Your measurement strategy will change over time.
Sometimes it changes because your objectives for the community, your goals,
have changed based on the stage of maturity of your community.
In the first hour, day, week, month, generally,
you're just trying to get the engine running.
So the kinds of metrics that you're measuring are very basic, right?
Are people who are coming to the community registering?
A simple ratio of visits to registered members.
Are people who are registering participating, right?
A simple ratio of members at any given time and posts, for
example, in the system.
Are people getting an answer to their question if it's a forum
discussion, right?
A ratio of initial posts or topics to replies.
And so in the early days you're building that just to understand,
gosh are most people getting an answer?
Are most people who are coming here at least exploring
the process of measuring it?
And in the early days you're simply, again,
trying to get those to a certain level of health, let's just say.
But then once you've got your community healthy and growing,
then you're going to move on to basically say, okay,
where do I want to direct this community for its benefit and for ours?
So this is a really good, I think,
overview of what's happening in the analytics environment at the moment.
Where do you see all of this heading towards within the next five to ten years?
I've been doing this for almost 20 years, since the mid-90s.
And one of the things that's always frustrated me about all these platforms
is, I always joke, and developers always hate when I say this, but I say,
your social platform can answer any question you have.
As long as that question is not, who are my users and what are they saying, right?
[LAUGH] Because you could never tell who my users were because
it was largely pseudonymous.
Because it wasn't linked to a database of users we could validate, right?
I mean online interaction is often you don't know who you're dealing with, right?
So, that's one analytic challenge, is to better understand,
even if you know their identity, you might not know their needs and
their preferences and their interests and their expertise.
All of those things you really need to know, I think as a community manager.
But there 's another aspect of that as well, which is the, what are they saying?
And you might say, well, wait a minute, can't you tell what people are saying,
isn't it all public out there?
But it's the big data problem.
Yeah, you can find out what they're saying
if you have a week to spend getting everybody's opinion, right?
But how will the platform helping us understand?
How are they teasing out hot topics?
Things that are exciting people, things that are making people angry, you know.
Valuable content that when people read helps them solve problems or
move on to the next level of proficiency.
And for most people creating communities, we want to be respectful of their privacy.
And we want to create profiles, but allow them to manage those profiles so
that they can control what they reveal to us.
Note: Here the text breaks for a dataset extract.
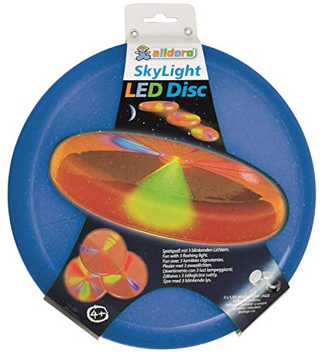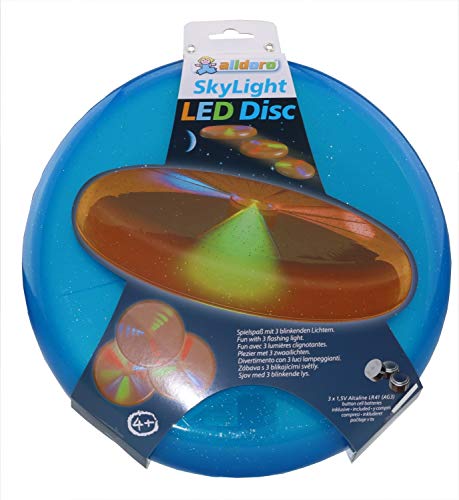 alldoro luz Sky Light de Aprox. 27 cm-Disco de frisbeescheibe con 3 LED para Playa, jardín y Exterior, para niños a Partir de 4 años y Adultos, Color Azul, (Manfred Roser 63018)

And then on the content side, it's just the text analytics challenge.
It's taking a vast amount of unstructured data and creating meaning from that.
And that's a hard computer science problem.
And anybody who tells you that that's solved [LAUGH] is wrong.
It's a work in progress.
So, those are the two things to me, those are the questions to me, right?
[LAUGH] These are the ones you must answer.
Joe makes some great points about how data can enable us to identify fundamental
issues with online communities, such as how many people are logging on,
what do they click on, and where do they go when they're on the site?
But Joe also notes this may indicate broader concepts.
Like are they happy with the community, if they're successful using the site,
and if the users are accomplishing their goals.